The Callas has its ghost, too. In the smoky darkness of a small room upstairs, the diva appears. Thrill of his voice, infallible. But the image wavers, fades, fights for its survival, regains intensity: a hologram, in fact. The singer is embodied by the visual artist Dominique Gonzalez-Foerster, who likes to multiply the avatars. The confusion is no less great, faced with this body constantly threatened with obliteration.
Emma Lavigne, director of the Pinault collection: “The narrative composed by the works explores the polysemy of the present time, alternately suspended, fugitive”

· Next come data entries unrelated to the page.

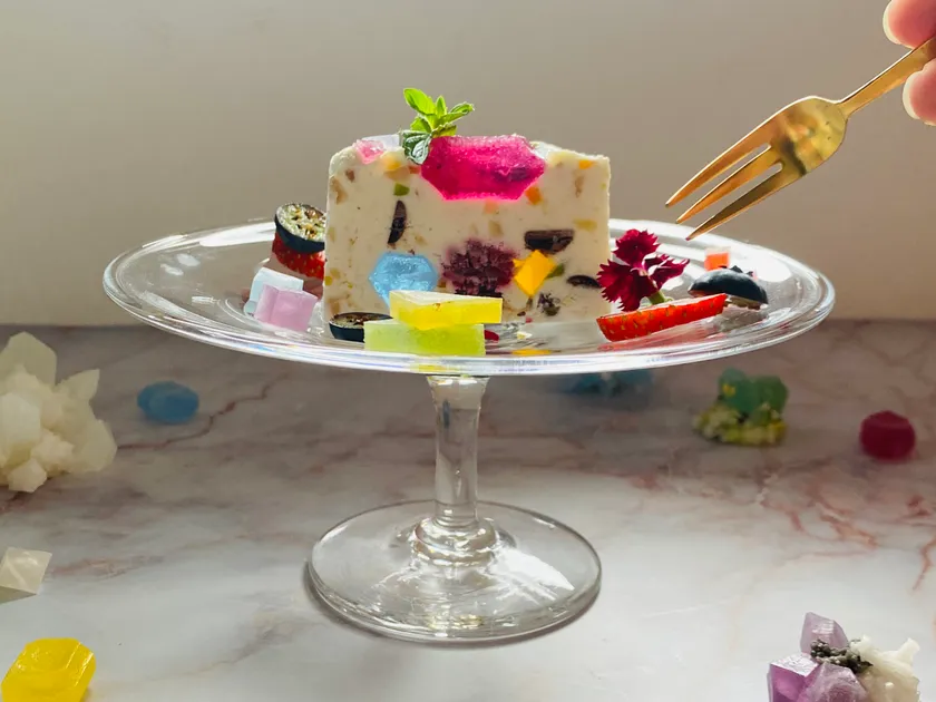 また、断面にあらわれる琥珀糖がステンドグラスのようにキラキラと透けて美しいのが宝石のカッサータの特徴です。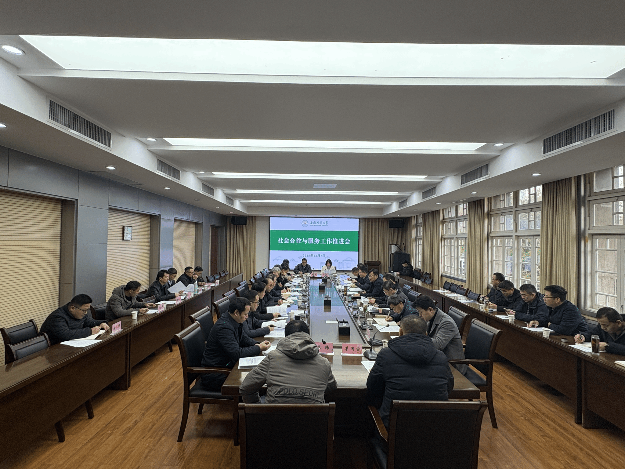 本网讯 12月5日上午,校党委常委、副校长江海洋主持召开2025年度社会合作与服务工作推进会。党委宣传部、离退休工作处、发展规划处、人事处、研究生院、科技处、社会合作处、财务处、数据管理处等单位负责人,各学院负责同志、综合试验站站长参加会议。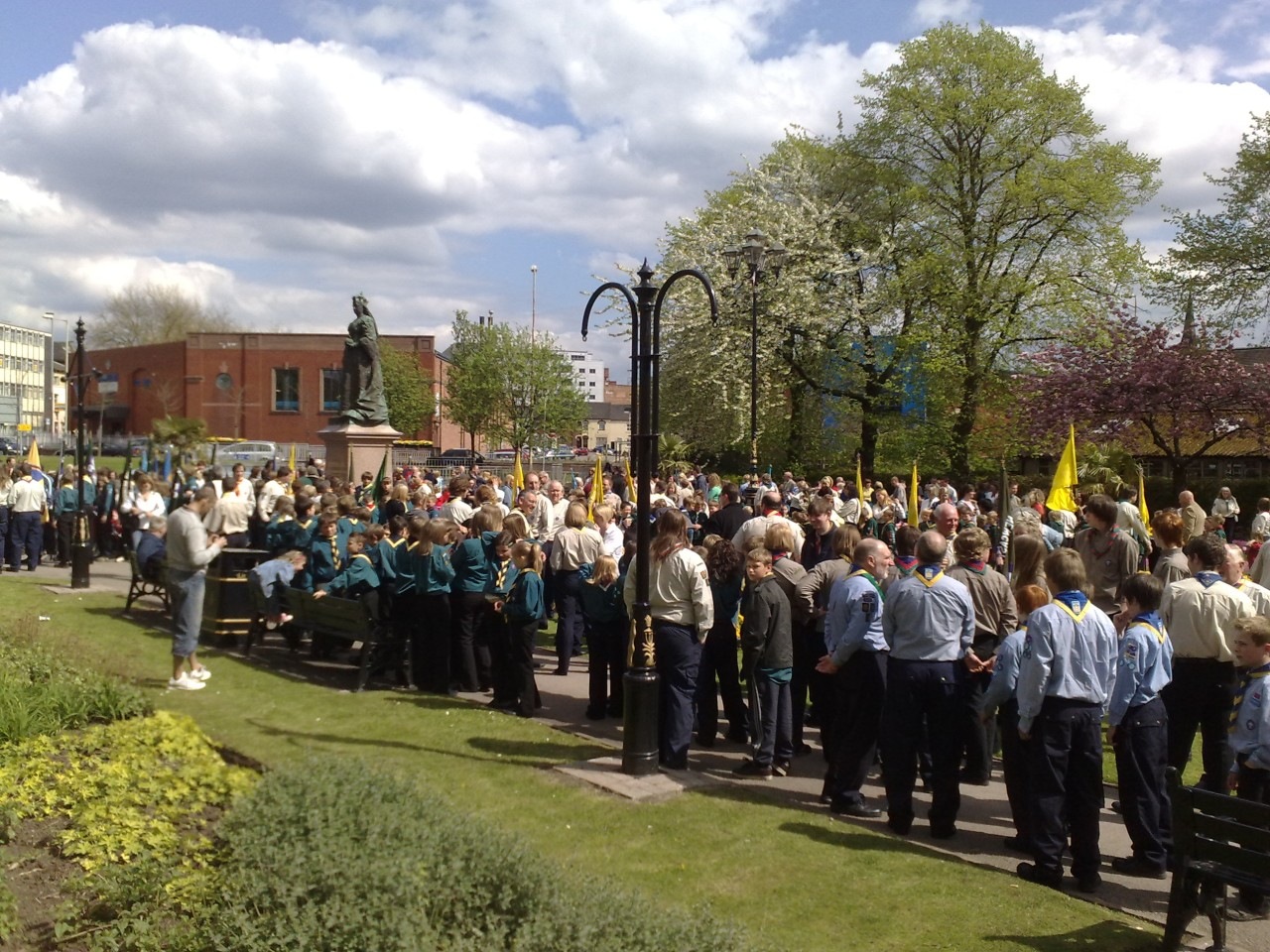 We think this is from the late 1950’s and shows some of our Cubs and Scouts along with some of the Church’s Guides with the Church Queen. We think the flag they are holding is the Troop flag we’ve just retired.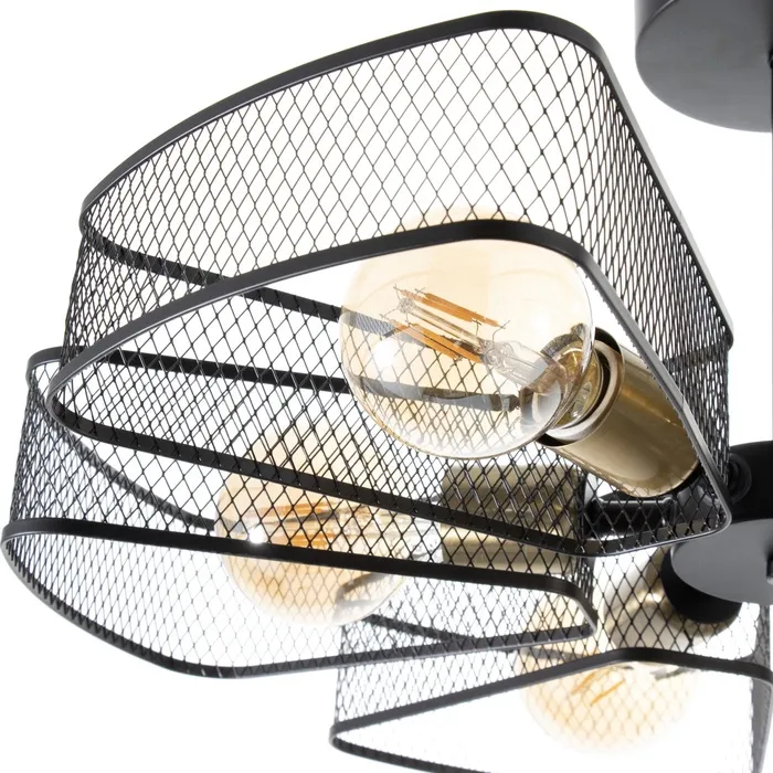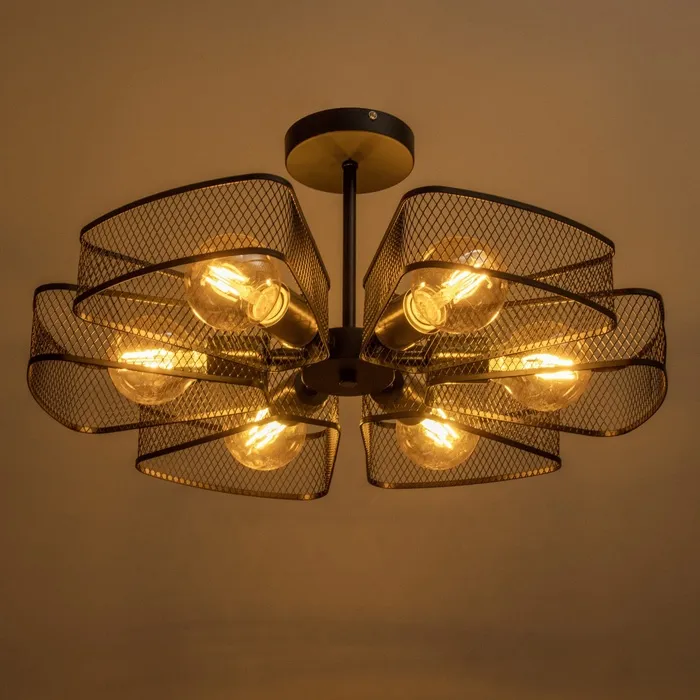 - Оригинальные плафоны: плафоны выполнены в форме сетчатых конусов, что создает интересный визуальный эффект и рассеивает свет.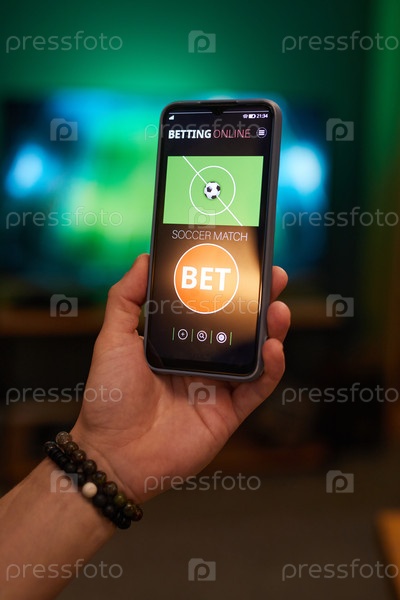 Удерживая смартфон, отображающий интерфейс приложения для ставок рукой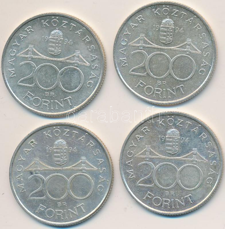 1994. 200Ft Ag "Deák" (4x) T:2-,3 https://www.darabanth.com/de/203-Fernauktion/203.0/Numismatik/Ungarische-Munzen~9/1994-200Ft-Ag-Deak-4x-T2-3~II807742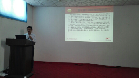 隨后會議由公司技術(shù)服務(wù)部范開見經(jīng)理作了關(guān)于《近期市場疾病流行情況及產(chǎn)品使用說明》的精彩報告。從地方區(qū)域差異、飼養(yǎng)模式不同、飼養(yǎng)品種等方面結(jié)合公司產(chǎn)品特點,進行集中講解。著重強調(diào)了管理重于治療的養(yǎng)殖理念。范經(jīng)理清晰的講課思路以及激情輕松幽默的講課方式,讓大家加深理解了產(chǎn)品。營造了濃厚的學(xué)習(xí)氛圍,提高了大家的產(chǎn)品知識水平,為后續(xù)的產(chǎn)品推廣和市場銷售打下扎實的理論基礎(chǔ)。

Finally, it is Marilyn Monroe who haunts the film by Philippe Parreno screened in the basement. In a suite at the Waldorf Astoria Hotel in New York, where she lived, her voice low, inimitable; his pen runs over the paper, compulsively. Marilyn lives again, one would think. A “ghost of the future, who tirelessly revisits his past”, wrote Nicolas-Xavier Ferrand in the exhibition catalogue. But little by little, Parreno reveals behind the scenes of this resurrection: a robot simulates the writing of the actress, software recreates her voice. The disturbing story of“an image that killed more life than it produced”in the words of its author.
Thereby “the narrative composed by the works explores the polysemy of the present time, alternately suspended, fleeting, inhabited by spectral presences, crossed by the theme of absence and incarnation”explains Emma Lavigne.